Directions for this task:
Could you repeat the data word for word while skipping the pictures?

Records for this exercise:
--- --- ---

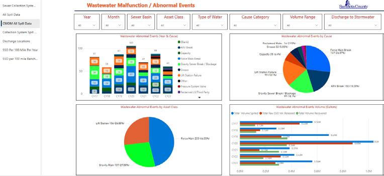Figure 1. New Sarasota County Public Utilities wastewater collection system Microsoft Power BI dashboard. (source: SCPU, Hazen, and VEBS) Continued on page 10
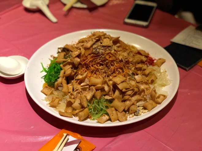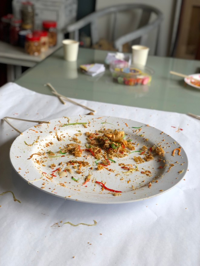 The aftermath – everyone cleaned out the yusheng! πŸ‘πŸ»
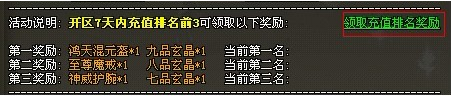 【活动内容】开服7天内,累计充值排名前3的玩家,活动结束后即可额外获得丰厚的奖励。
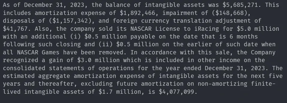 response = query_engine.query( "Summarise The Intangible Assets on December 21, 2023 of the company with financial data?" ) print(str(response))
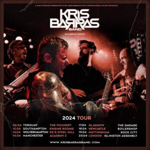 KRIS BARRAS BAND comprises frontman Kris Barras, Josiah J. Manning on guitar, Billy Hammett on drums, and latest member Frazer Kerslake on bass.
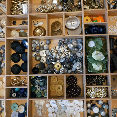 Sortierte Knöpfe, Fingehüte, Schnallen… Dazu gibts gratis Sackerl aus ReUse-Papier
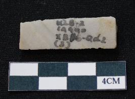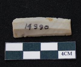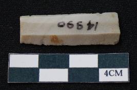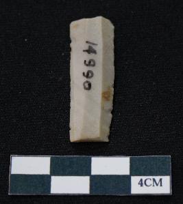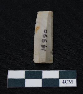 | Description / विवरण | Fragment of blade is off white in color, having both ends broken, retouched sides, ridges on the top and thin section. |
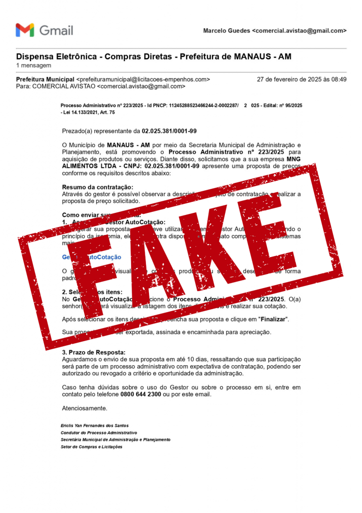 MANAUS- A Prefeitura de Manaus alerta para falso e-mail que está sendo enviado a empresas utilizando o nome da Secretaria Municipal de Administração, Planejamento e Gestão (Semad). A referida mensagem, oriunda de domínio inexistente na administração municipal (prefeituramunicipal@licitacoes-empenhos.com), indica um link clicável, recurso utilizado para a captura de dados, configurando phishing, um tipo de cibercrime que consiste em tentar obter informações pessoais de forma ilegal.
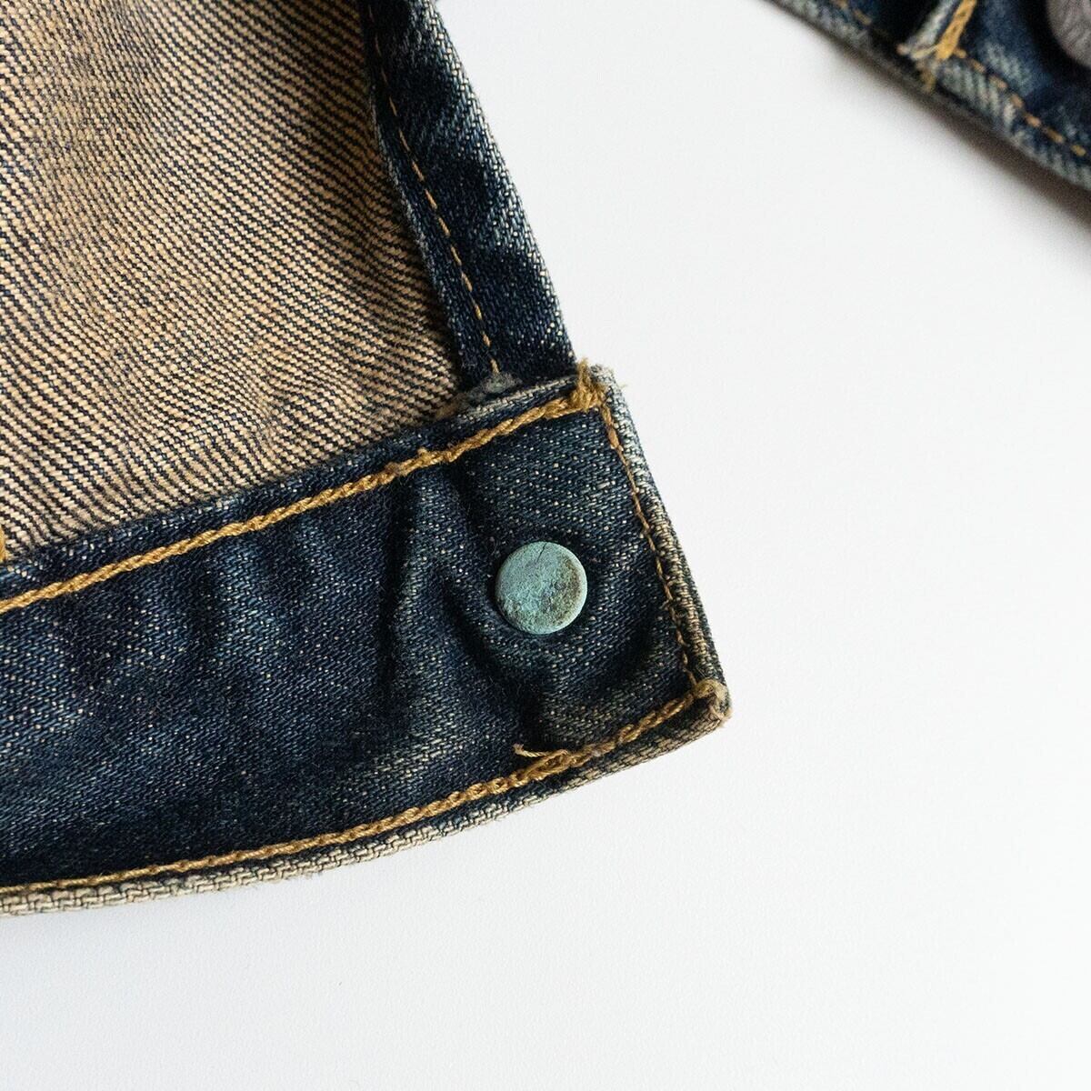 中古品でございます。着用感や色落ちがございます。袖ボタンのリベットに錆がございます。神経質な方はお控え下さい。

--- --- ---

Exercise solution:
Figure 1. New Sarasota County Public Utilities wastewater collection system Microsoft Power BI dashboard. (source: SCPU, Hazen, and VEBS) Continued on page 10
 The aftermath – everyone cleaned out the yusheng! πŸ‘πŸ»
 【活动内容】开服7天内,累计充值排名前3的玩家,活动结束后即可额外获得丰厚的奖励。
 response = query_engine.query( "Summarise The Intangible Assets on December 21, 2023 of the company with financial data?" ) print(str(response))
 KRIS BARRAS BAND comprises frontman Kris Barras, Josiah J. Manning on guitar, Billy Hammett on drums, and latest member Frazer Kerslake on bass.
 Sortierte Knöpfe, Fingehüte, Schnallen… Dazu gibts gratis Sackerl aus ReUse-Papier
 | Description / विवरण | Fragment of blade is off white in color, having both ends broken, retouched sides, ridges on the top and thin section. |
 MANAUS- A Prefeitura de Manaus alerta para falso e-mail que está sendo enviado a empresas utilizando o nome da Secretaria Municipal de Administração, Planejamento e Gestão (Semad). A referida mensagem, oriunda de domínio inexistente na administração municipal (prefeituramunicipal@licitacoes-empenhos.com), indica um link clicável, recurso utilizado para a captura de dados, configurando phishing, um tipo de cibercrime que consiste em tentar obter informações pessoais de forma ilegal.
 中古品でございます。着用感や色落ちがございます。袖ボタンのリベットに錆がございます。神経質な方はお控え下さい。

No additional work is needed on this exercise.